Military seeks private sector help to build cyber warfare capability

The military is seeking help from the private sector to build offensive and defensive capabilities for cyber warfare.

The military is seeking help from the private sector to build offensive and defensive capabilities for cyber warfare.

The initiative signifies how nascent strategic cyber warfare centres on both sides of the Atlantic have come to the conclusion that they would be powerless to protect the national infrastructure in the event of a concerted cyber attack from an enemy state.

Brigadier General Charles Shugg, deputy commander of the 24th Air Force, a cyber war command centre established under the US Space Command in July 2009, told a military internet conference yesterday, "We have come to realise that the private sector is leading the way in the cyber domain. We have got to a point where we feel we should bring them into our planning and, as much as we can, into our organisations."

Traditional procurement processes were too slow for cyber war timescales, he said. "That would take years. We cannot accept that. We have got to be within days and hours of changing things over, and the only way to do that is to work with industry partners," he told military, intelligence and computer security leaders at the Cyber Warfare 2010 Conference in London.

Shugg said the 24th Air Force had started talking to industry and had been "getting an idea of where we need to be" and one of those places, he said, was "cognitive computing".

The military's desire to co-opt civilian resources in its cyber operations is based on the assumption that the internet infrastructure, which it is protects for the sake of national security, is an immeasurably complex network of almost entirely civilian technology and actors.
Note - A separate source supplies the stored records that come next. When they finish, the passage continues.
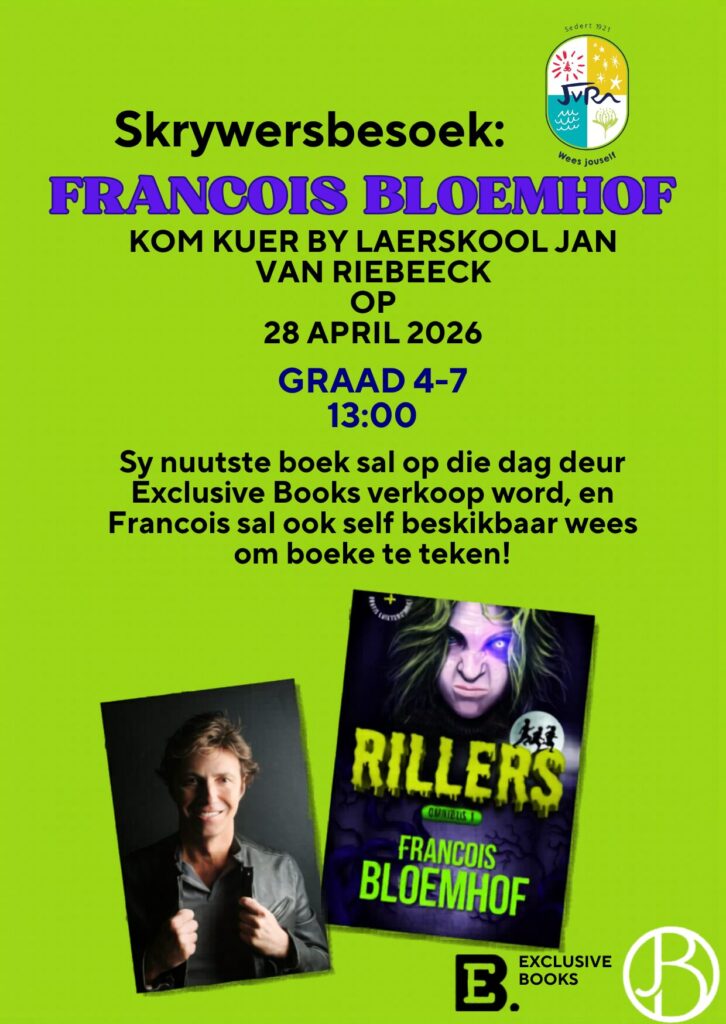 Skrywersbesoek: Francois Bloemhof 16 Apr, 2026 | Nuus, Algemeen Sien meer inligting oor die volgende skrywersbesoek hier onder:
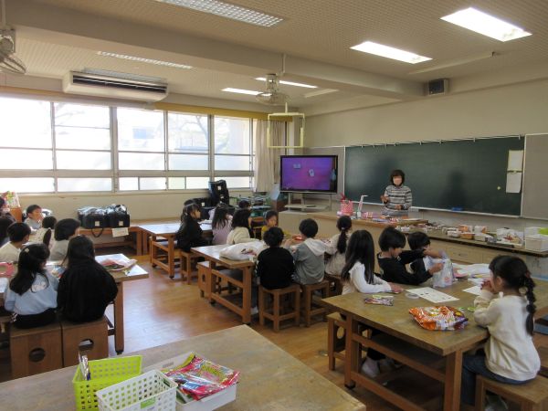 昨日、講師の方をお招きし、1年生と3年生の児童を対象にアップリサイクルの出前授業を実施していただきました。
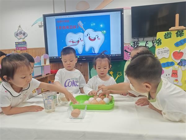 孩子们发现醋里的蛋壳表面变得粗糙、发软。“原来酸酸甜甜的饮料真的会伤害牙齿!”孩子们直观地明白了不良饮食对牙齿的危害,纷纷表示要少喝甜饮料。
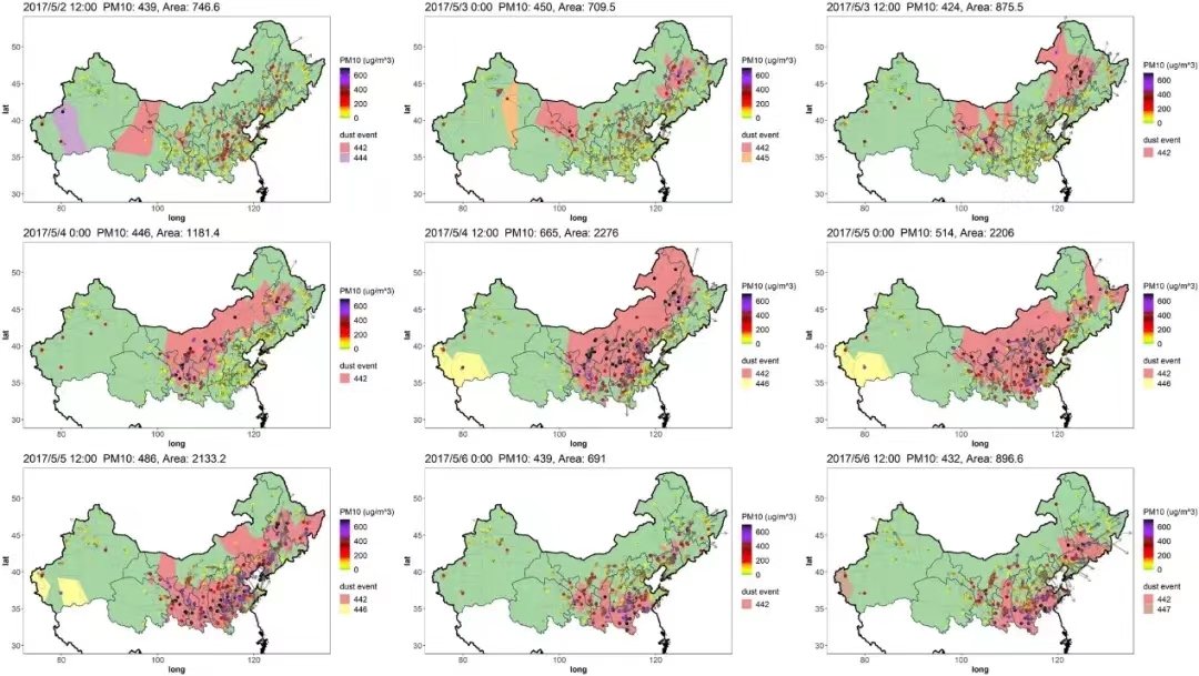 图1 2017年5月2日至6日,一个通过数据与算法识别的大型沙尘过程的演进过程。图中给出12小时间隔的九张快照,红色区域标记了该沙尘过程在各个时刻的影响范围

The military describes it as the Achilles' heel of national security.

Civilian preparedness is therefore thought vital; and the pervasiveness of the internet and the impossibility to protect it with traditional perimeter defences is thought to have brought the theatre of war into everyone's data centres.

Air Commodore Graham Wright, deputy director of the UK's strategic cyber security centre, the Office of Cyber Security (OCS), told the conference that the OCS had been establishing partnerships with industry since it was established two months ago.